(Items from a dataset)
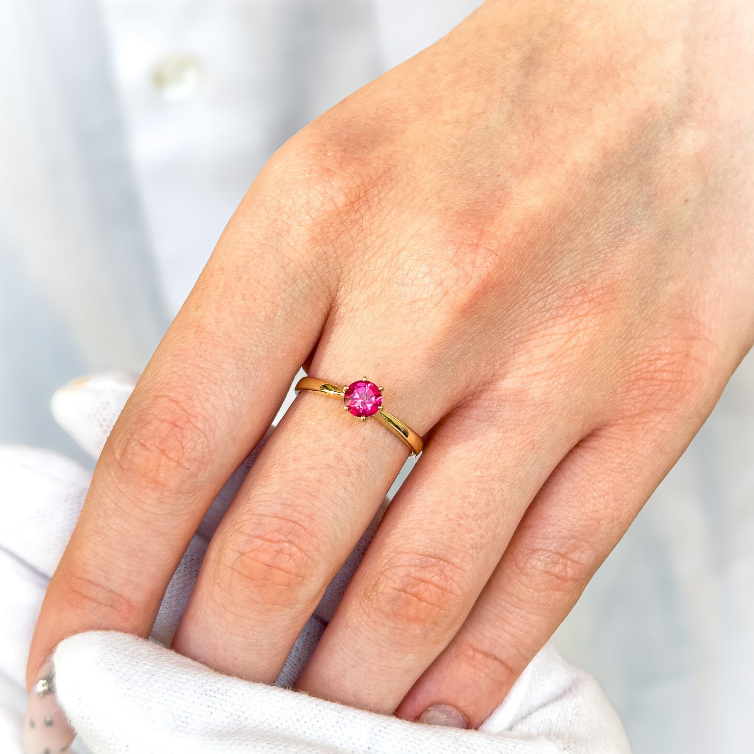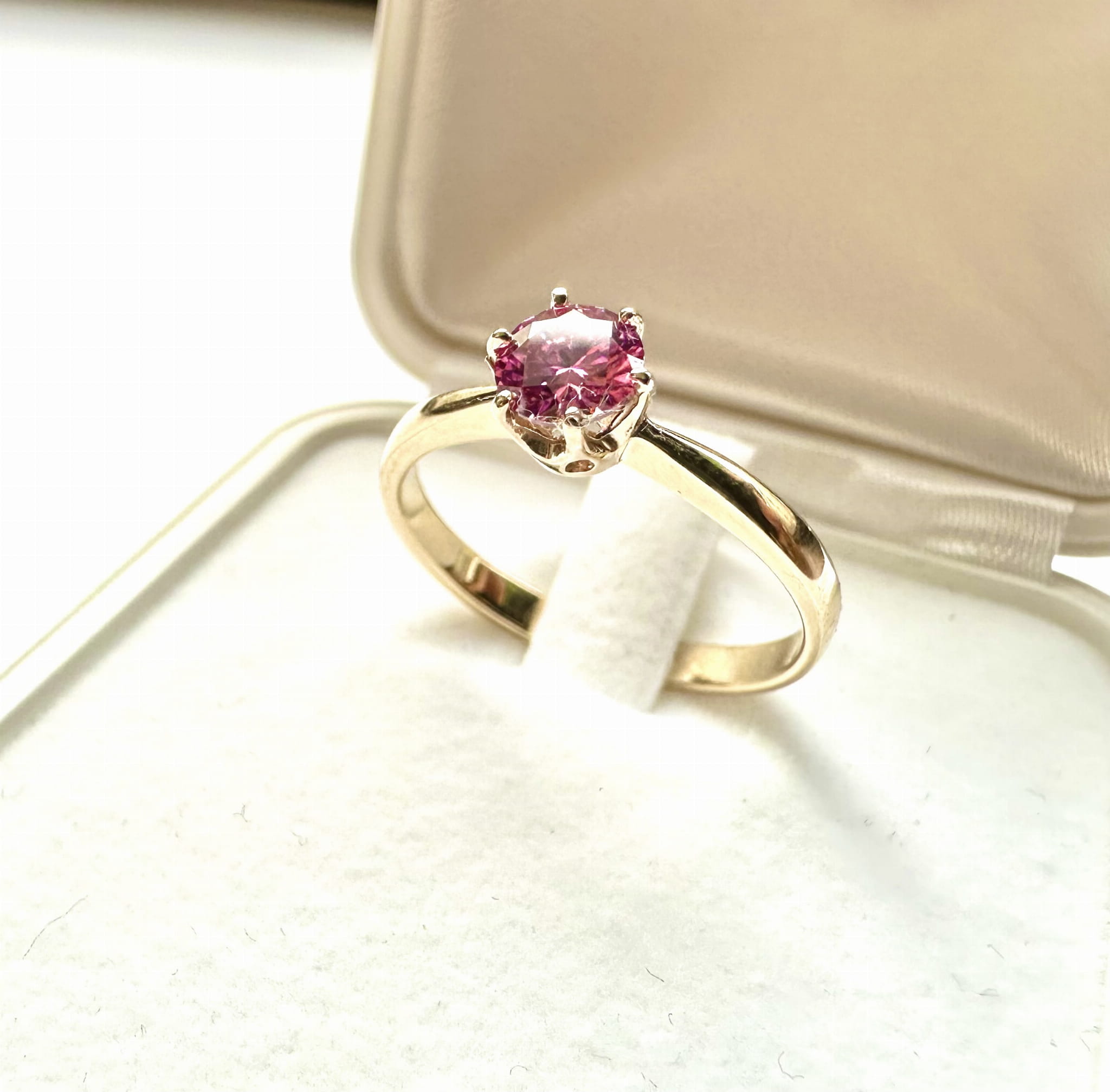 Masa pierścionka wynosi około 2,00 g, a do jego wykonania użyto żółtego złota próby 585. Centralnym elementem jest różowy moissanit o średnicy 5,0 mm i masie ok. 0,50 ct, osadzony w klasycznej, subtelnie wyniesionej oprawie. Konstrukcja pozostaje stabilna, smukła i elegancka — idealna na zaręczyny, prezent lub biżuterię codzienną.
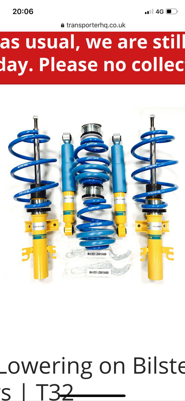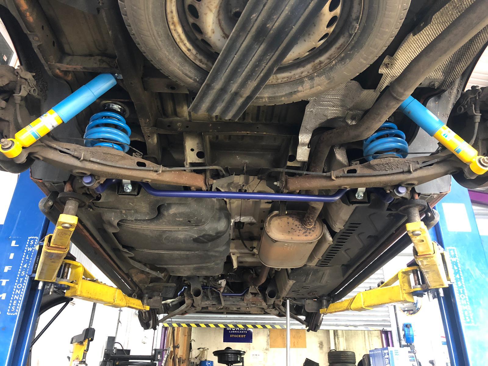 VW transporter T5 in for Bilstein b14s coilovers and H & R front and rear anti roll bars. Dramatic increase in drivability and comfort. Bilsteins are £1095 with free fitting.
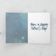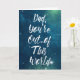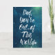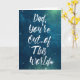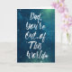 "Papá, estás fuera de este mundo" dice el mensaje en esta tarjeta con letras en negrita y en blanco contra un cielo azul y verde lleno de estrellas en el espacio exterior. Con un gráfico de coordinación dentro y un mensaje feliz del Día del Padre, es la tarjeta perfecta para los papás a los que les encantan las estrellas y las películas de ciencia ficción.
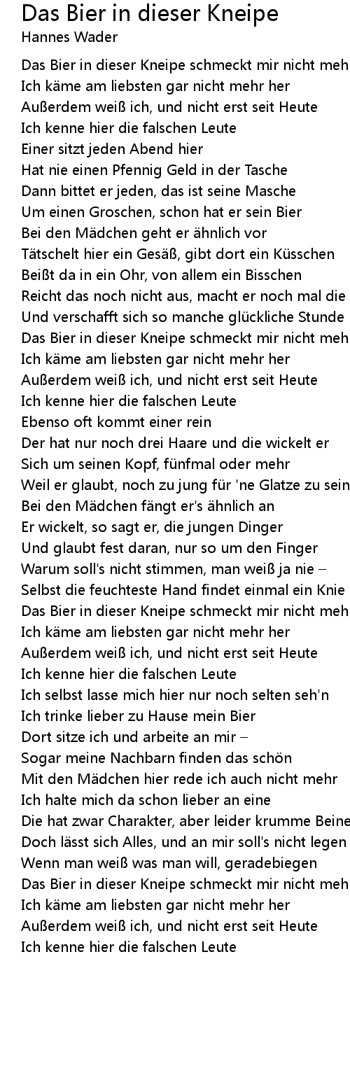 | Song | Das Bier in dieser Kneipe |
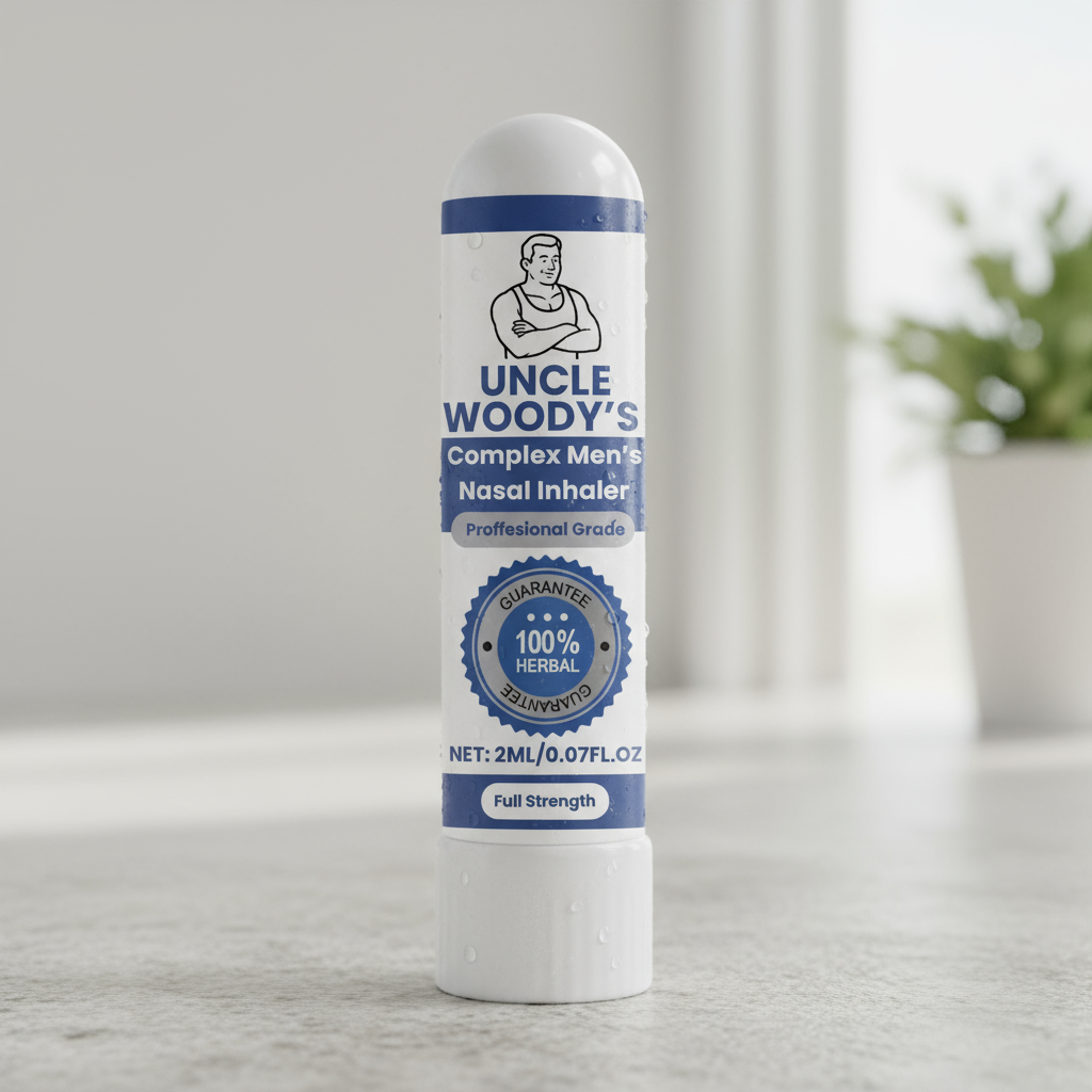 Discover our top-selling, one-of-a-kind Woody’s Nasal Inhaler — crafted to support men’s vitality and performance.

What to do.
The response should be the lines from the one containing "dieser Kneipe |" through the final line of the records, reproduced exactly and with every picture left out.

Answer below.
 | Song | Das Bier in dieser Kneipe |
 Discover our top-selling, one-of-a-kind Woody’s Nasal Inhaler — crafted to support men’s vitality and performance.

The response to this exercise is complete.